A fundamental principle of parallel computing is that by subdividing a computation across P processors, one can realize a P-fold reduction in time to solution. For example, a simulation that uses a billion particles or gridpoints can be distributed across two compute nodes and run in half the time – for essentially the same energy – compared with running on just a single node.
“Since clock rates are not longer increasing, this multiplicative effect of parallel computing is the only mechanism we have for increasing the speed of calculations by factors of thousands,” said Misun Min, a computational scientist in Argonne’s Mathematics and Computer Science Division.
Motivated by the importance of this situation as computers approach the exascale era, Min and her colleagues at the University of Illinois in Urbana-Champaign and Washington University explored two critical questions: How far can a given problem scale, and what needs to be done to ensure continued performance gains on high-performance computing (HPC) platforms.
The researchers noted that even though most HPC centers encourage submission of large jobs, most applications do not use the entire machine.
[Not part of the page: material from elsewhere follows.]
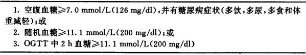 | 释义 | 糖尿病 【释义】: 糖尿病(diadetes mellitus)是因胰岛素分泌、胰岛素作用或两者同时存在缺陷所致的以慢性高血糖伴有糖类(碳水化合物)、脂肪和蛋白质代谢紊乱为特征的一组代谢性疾病。糖尿病对人体的长期影响主要是造成各种器官的功能损伤,包括不断进展的血管性疾病(即可引起失明的视网膜病变,引起肾功能衰竭的糖尿病肾病,及不断增加的心血管、脑血管和周围血管病的危险)和神经病变(可累及周围神经和自主神经)。糖尿病最严重的急性并发症是酮症酸中毒及高渗性昏迷,危害健康,甚至生命。 【诊断】: 1.临床表现 典型者有“三多一少”症状,即多饮、多尿、多食、消瘦,不少患者缺乏典型临床症状,表现为反应性低血糖,或某些急慢性并发症的症状。 2.辅助检查 (1)血糖测定 空腹及餐后血糖升高是诊断糖尿病的主要依据。空腹静脉全血血糖(真糖法)的正常值为3.3~5.6mmol/L(60~100mg/dl),血浆血糖正常值为3.9~6.4mmol/L(70~110mg/dl)。 (2)口服葡萄糖耐量试验 可疑糖尿病,空腹及餐后血糖增高但未达到糖尿病诊断标准者应行此试验。成人采用75g葡萄糖负荷,儿童1.75g/kg,正常人血糖高峰出现于服糖后1/2~1h,峰值不超过8.9~10mmol/L(160~180mg/dl)。 (3)空腹血浆或血清胰岛素及C肽测定 采用放射免疫法测定的胰岛素包括胰岛素原及与抗体结合的胰岛素。C肽测定不受胰岛素抗体影响,不与胰岛素产生交叉免疫反应,也不受外源性胰岛素干扰。1型糖尿病空腹血浆胰岛素和C肽水平很低,2型糖尿病则多为正常或增高。 (4)胰岛素或C肽释放试验 本试验的方法与OGTT相同,只是于空腹,服糖后30,60,120,180min时采血同时测胰岛素或C肽,以直接了解胰岛β细胞的功能状态。正常人血胰岛素和C肽的高峰与血糖高峰一致,于服糖后30~60分钟胰岛素测值为空腹的5~10倍,C肽测值为空腹的5~6倍。1型糖尿病患者糖负荷后无胰岛素和C肽释放反应峰,其释放曲线呈低平状态;2型糖尿病肥胖患者,糖负荷后胰岛素和C肽释放反应峰值正常或增高,但高峰却在2h后延迟出现;病程已久消瘦2型糖尿病患者胰岛素和C肽的释放反应峰值低于正常。 (5)糖基化血红蛋白测定 糖基化血红蛋白(GHb)含量与血糖浓度呈正比,可反映2~3个月前体内血糖的平均水平。糖基化血红蛋白的主要成分为HbAlc,因此常以HbAlc代表GHb。GHb(或HbAlc)的测值因测定方法不同而略有差异,约在3.6%~6.3%的范围之内。未控制的糖尿病患者GHb可为正常人的2至3倍。 (6)糖化血清蛋白测定 葡萄糖与血清蛋白和其他蛋白质亦可发生非酶糖化反应,使白蛋白等蛋白质N-末端上形成酮胺结构,类似果糖胺,因此又将糖化血清蛋白测定称为果糖胺测定,其含量亦取决于血糖浓度,可反映受试者2周前的血糖平均浓度。正常值依方法和实验室不同略有不同,需参照各实验室制定的标准。 (7)自身抗体测定 自身抗体包括胰岛细胞抗体(ICA)、胰岛素抗体(IAA)及谷氨酸脱羟酶(GAD)抗体测定。1型糖尿病患者血清中该三种抗体可同时存在,亦可仅测到1~2种。三种抗体中GAD存在的时间较长,于发病10余年后仍可测到该抗体。 (8)其他检查 有关糖尿病并发症的实验室检查,包括血脂、血黏度;脑、心、肾血管病变及功能检查见有关章节。 3.糖尿病的诊断标准 1996年ADA提出的新诊断标准,见表8-2。 表8-2 ADA糖尿病诊断新标准(1996年)

They further noted that the reason usually given is that performance efficiency drops.
“Our objective, then, was to quantify the causes of this performance drop-off and to identify potential mitigation strategies,” said Min.
To this end, the team analyzed the scaling performance of two Argonne-developed production codes, Nek5000 and NekCEM, on multi-CPU configurations such as the Cray XK7 and Blue Gene/Q. Focusing on Poisson’s equation – a partial differential equation widely found in theoretical and applied physics and engineering problems – they considered three iterative solution strategies: Jacobi iteration, conjugate gradient iteration, and geometric multigrid. The results identify and quantify several bottlenecks that limit strong scaling for these classes of solvers.
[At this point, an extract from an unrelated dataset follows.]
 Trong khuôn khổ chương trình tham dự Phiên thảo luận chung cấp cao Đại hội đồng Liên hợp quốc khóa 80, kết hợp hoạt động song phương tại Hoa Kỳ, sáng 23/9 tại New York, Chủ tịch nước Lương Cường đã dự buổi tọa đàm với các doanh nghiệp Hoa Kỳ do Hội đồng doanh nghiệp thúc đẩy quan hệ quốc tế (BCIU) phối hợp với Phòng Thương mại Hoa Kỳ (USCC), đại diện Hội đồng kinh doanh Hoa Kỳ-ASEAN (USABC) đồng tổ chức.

The researchers note that several factors can affect the models’ scalability dramatically. For example, a discontinuous Galerkin formulation (in which the solution is continuous in each element but discontinuous across elements) has a distinct advantage in that each element communicates with at most 6 neighbors, compared with 26 or more for a continuous Galerkin formulation (in which the discretization is based on function values at the nodes and is continuous across elements).
The researchers also investigated the scalability potential of graphical processing units (GPUs). These are becoming increasingly popular in HPC systems and are candidate node architectures for extreme-scale platforms as well. GPUs consist of hundreds to thousands of cores designed to handle multiple tasks independently. A key issue with multi-GPUs, then, is the number of tasks required in order to realize top node performance. The results of the team’s experiments using the electromagnetics code NekCEM show strong scalability for CPU-based simulations down to the limit of one spectral element per core, whereas multi-GPU simulations meet a strong-scale limit arising from the fall-off of single node performance.
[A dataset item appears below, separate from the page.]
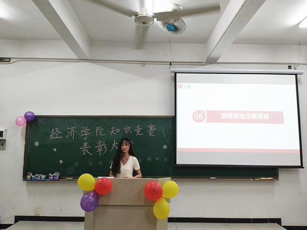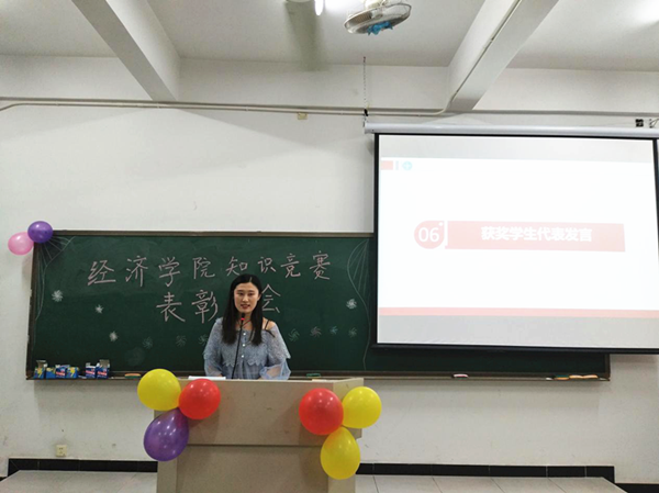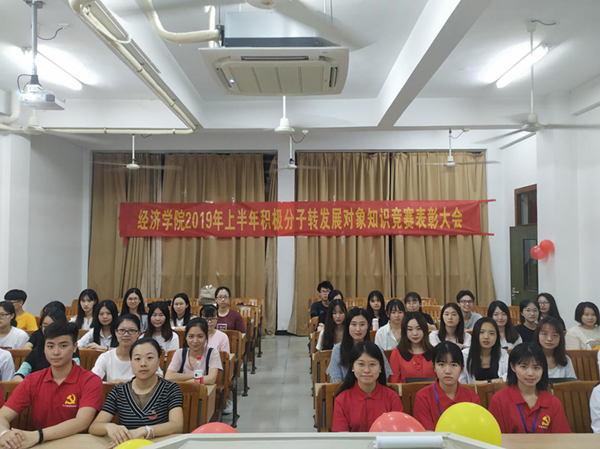 本网讯(记者 卢晓萍)2019年5月16日晚上19点,经济学院2019年上半年积极分子转发展对象知识竞赛表彰大会在A1-307圆满举行,参加此次大会的成员有经济学院党务办公室常务副主任王巍峰、学生党员代表、党务办公室工作人员和全体获奖学生。

What can we conclude about algorithm and architecture performance characteristics and their impact on scalability? Paul Fischer, a professor at UIUC, answered this question by stating: “One startling calculation showed that scalable solution strategies for a computational fluid dynamics simulation at exascale would require about 17 trillion gridpoints to make effective use of the entire machine. Based on this and similar results, we recommend that future development work focuses on high performance for reduced problem sizes on each node. Such an approach will be essential for strong scaling and reduced turn-around time.”
This work appeared in an invited paper titled “Scaling Limits for PDE-Based Simulation,” by P. F. Fisher, K. Heisey, and M. Min, presented at the 22nd American Institute of Aeronautics and Astronautics Computational Fluid Dynamics Conference.